My team and I are designing for an application where we need to measure the angle of a rotating magnet placed above the sensor. The magnet rotates +/-40 degrees from its rest position about the y-axis (with respect to the sensor measuring the z-axis). After reading through the AN on Hall effect sensor angle measurement, we believe the "One Bipolar Sensor, Lookup Table Calibrated" method would best suit our application. The limited rotational range of the magnet prevents us from measuring the magnetic peaks. We also cannot place the sensor on-axis with the magnet due to mechanical constraints, preventing us from using a multi-axis sensor like the TMAG5273 without calibration, which we cannot reliably calibrate due to the limited rotational range. We can measure the +40 degree, -40 degree and 0 degree angles in our application, so we can at best perform a linear calibration.

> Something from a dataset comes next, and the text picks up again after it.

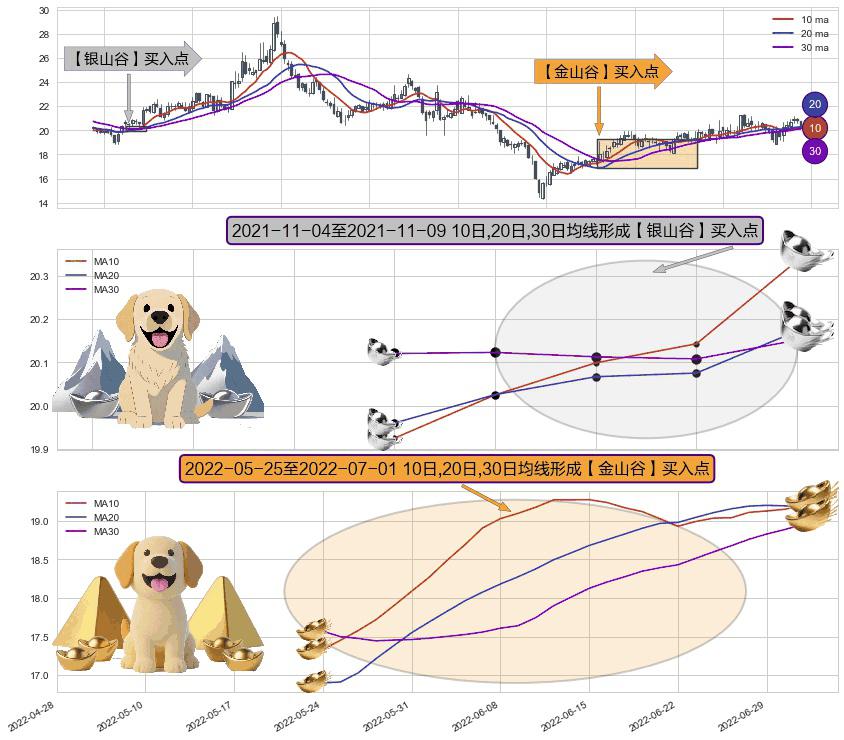 ⚂ 2022-05-26-日至2022-07-01-日显现 10日-20日-30日均线 【金山谷】买入点 其再次确认了买入信号,可靠性更强,买入

My question is what magnet shape is best suited for this type of application to achieve the most linear results. The AN suggests a diametrically magnetized ring or cylinder. Given our constraint on the magnet being about the y-axis, I've drafted an axial cylinder and a diametric ring using TIMSS. I noticed the axial cylinder appears exhibit more linearity than the diametric ring across the 80 degree rotation. Is there other options I should consider? I don't fully understand how the magnet shape, magnetization pattern, and geometry have on the linearity of the measured output.



Let me know if there is more detail I can provide.

Thanks,

Jeff

  • 0
    TI__Genius 16820 points

    Jeff,

    If I understand your setup correctly, you are placing the ring magnet on your rotating shaft, and wanting to measure +/- 40 degrees with this magnet.  I believe you may have TIMSS rotating the magnet differently than you expect.  If you are in the "rotation" setting in TIMSS the rotation occurs about the Z axis.  To setup rotation about Y, you could place the magnet on the origin and use the joystick setting to ensure the rotation is in the correct direction.  You can confirm using the animations provided after simulating.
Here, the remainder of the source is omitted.